А девушки — не узнаешь под личинами кто где — нежданно встретили их снежками плотно сбитыми и твёрдыми. Хохотали, бросаясь метко: по спине, плечам и груди. Брызгало обжигающе холодной крошкой в лицо под ненадёжную бересту. Оседали капли на бороде и губах, приятно их охлаждая. Парни, побросав мешки, кинулись тоже снежки лепить да в девиц метать. Прямо голыми руками мяли, не боясь застудить пальцы. Хохотали до слёз, отплёвываясь, если кто в лицо получал. Все бегали кругом в белых снежных пятнах на шкурах. Медведь тоже швырял комки почти не глядя, всё шаря взглядом по фигурам девичьим, хрупким даже под огромными кожухами. И страшные личины не пугали вовсе. То козьи морды попадались на глаза, то собачьи, а то и вовсе непонятные, и рогатые, и лохматые тут же.
И лишь раз выхватил взором Медведь одну приметную — такую, что в груди, тяжко ходящей от яростного дыхания, ёкнуло. Медведица. Точно она, точно для него, хоть могло и померещиться. Мелькнула впереди и укрылась за девичьей гурьбой. Выглянула и метнула снежок прицельно в Медведя. Он рыкнул тихо от ощутимого удара в грудь, оттолкнул кого-то, к ней пробиваясь. Втянул ноздрями морозный, чуть влажный воздух, словно пёс на охоте. Или зверь в гон.
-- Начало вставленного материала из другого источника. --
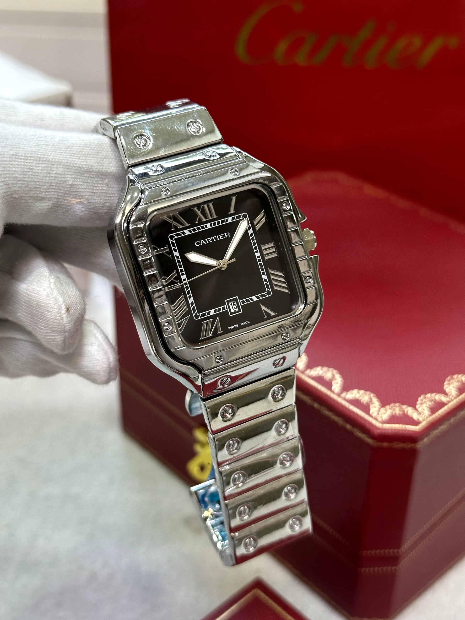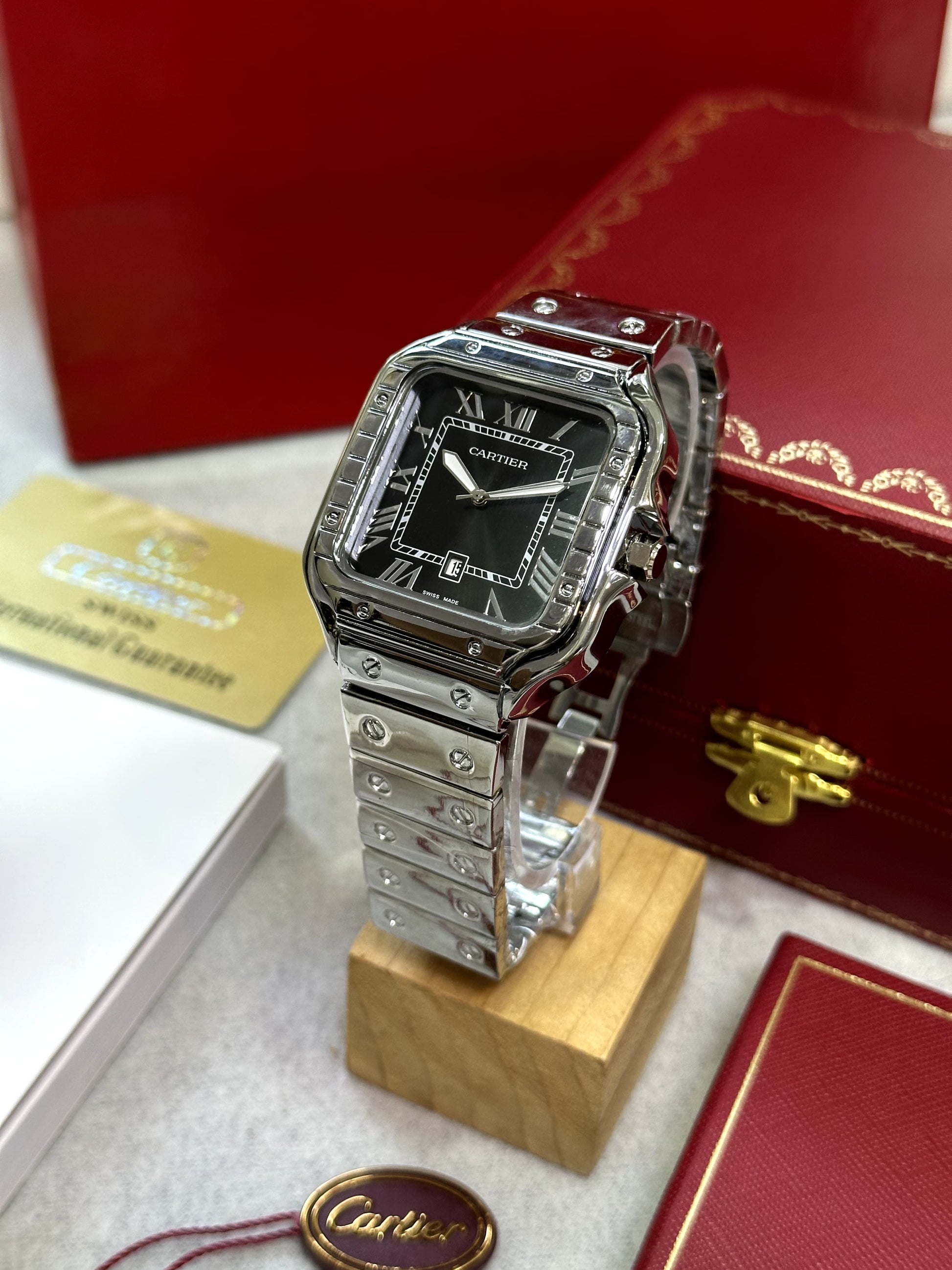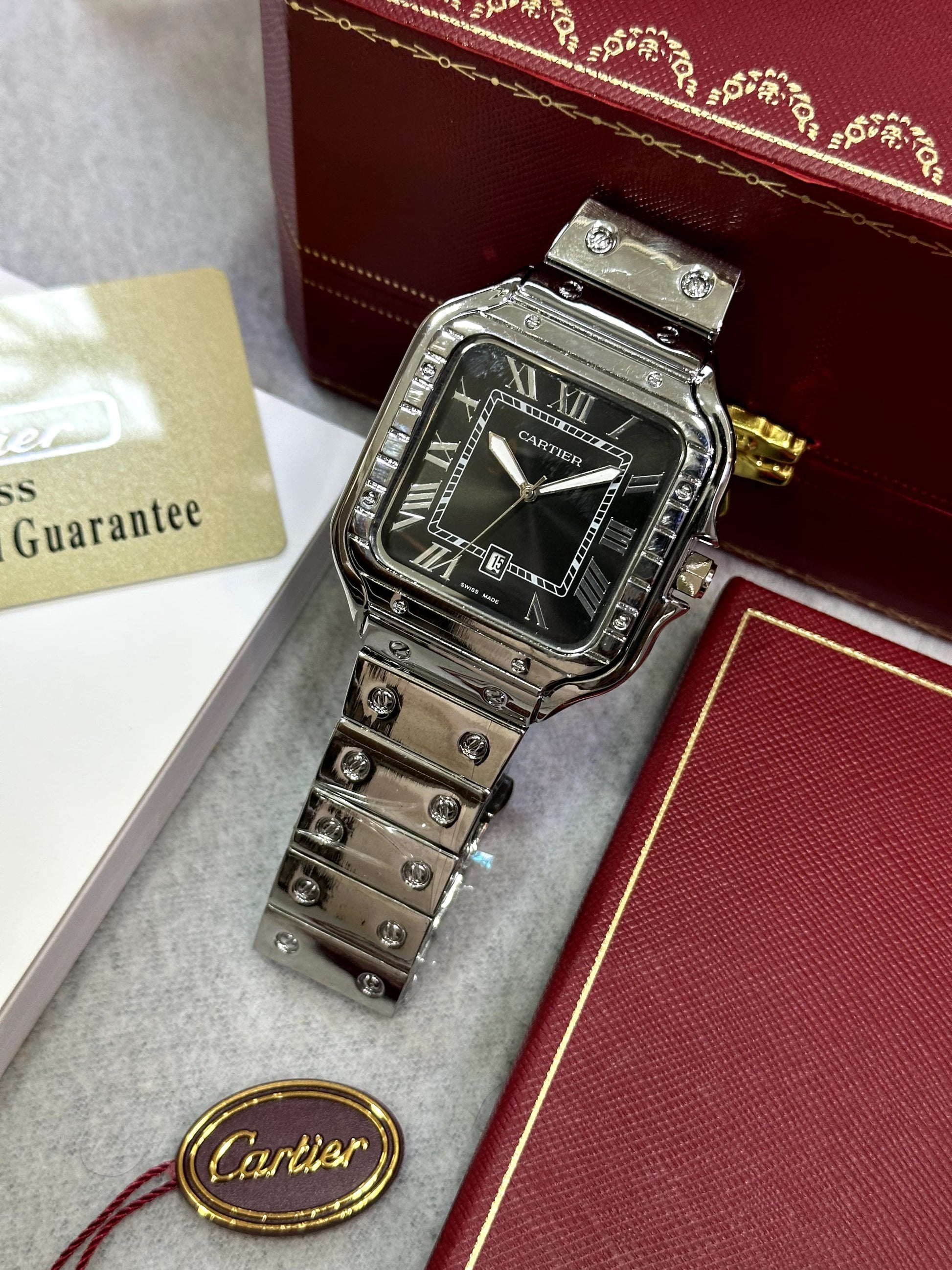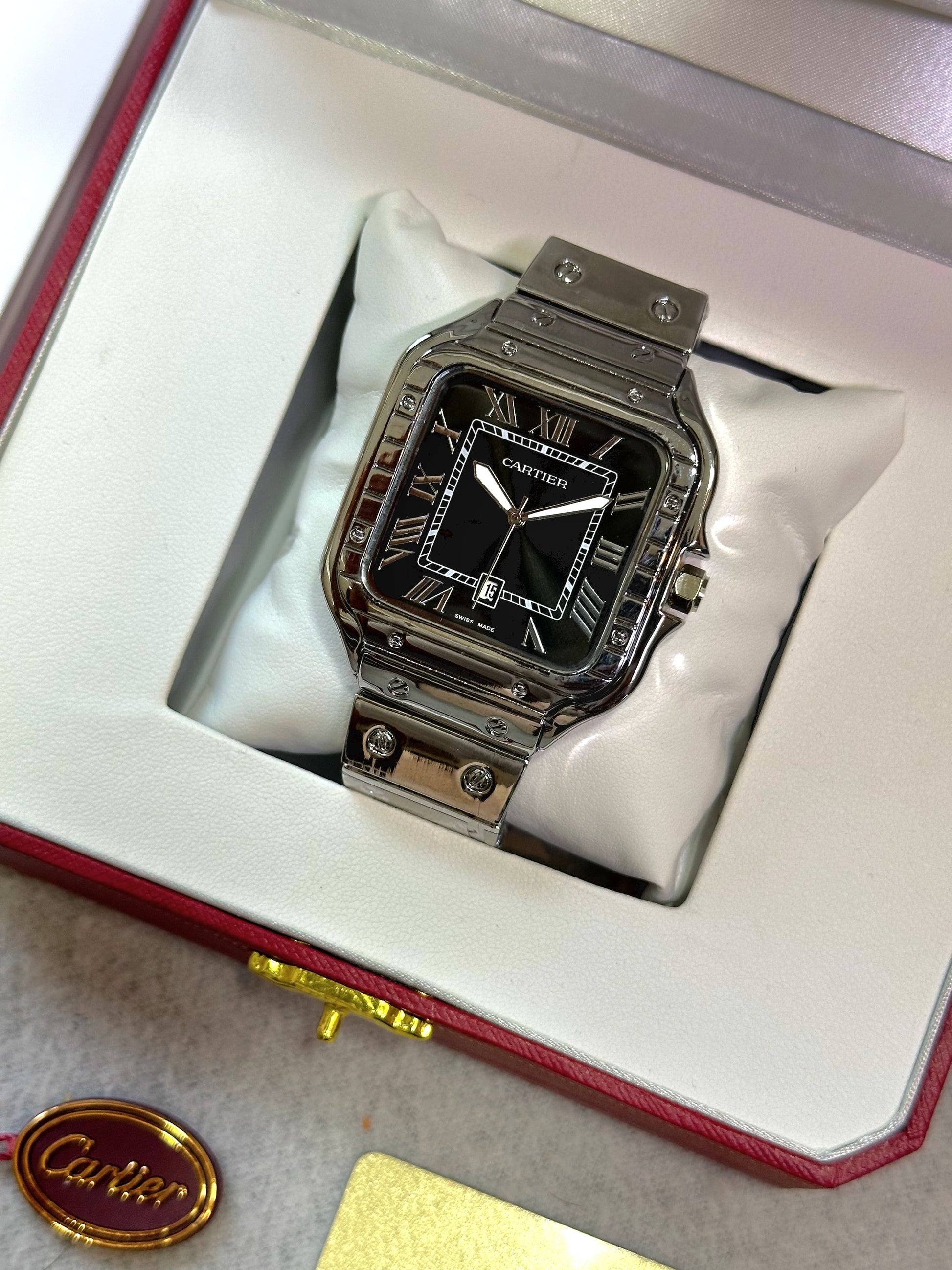 Elevate your timepiece game with Santos De Cartier. Featuring a sleek black dial and premium movement, this stainless steel watch combines form and function. The working date feature, white indicator, and high-end battery-operated machine make this a practical and stylish choice. Complete with a stainless steel silver strap, it's a must-have for any fashion-forward individual.

Гон — пожалуй, его он чувствовал сейчас больше всего. Уж не веселье шебутное, не тягу девиц непременно в этой схватке победить — я тяжко навалившееся желание. Потому что почти уверен был в том, кто та ряженая — хоть и быть того не может как будто. Девушка ещё резвее бросилась от него прочь, как почти нагнал её. Медведь шагу прибавил и всё ж настиг снова. Успел только зацепить пальцами берестяной рог — и личина свалилась с головы чаровницы. Упал тяжёлым серебром свет луны на белый платок, скатился под длинной блестящей косе, что изрядно виднелась из-под него. Девушка взвизгнула звонко и, не оборачиваясь, побежала быстрей, задрав до пояса полы кожуха.
— Моя будешь, — шёпотом пообещал Медведь.
И за ней метнулся, не обращая внимания на оклики парней. Остался где-то за спиной и мешок с угощениями обрядными. И битва снежная неоконченная. Всё равно. Важна только та, кто прытко бежала впереди, выпуская изо рта тающие облачка пара, что клубились над её головой при каждом выдохе.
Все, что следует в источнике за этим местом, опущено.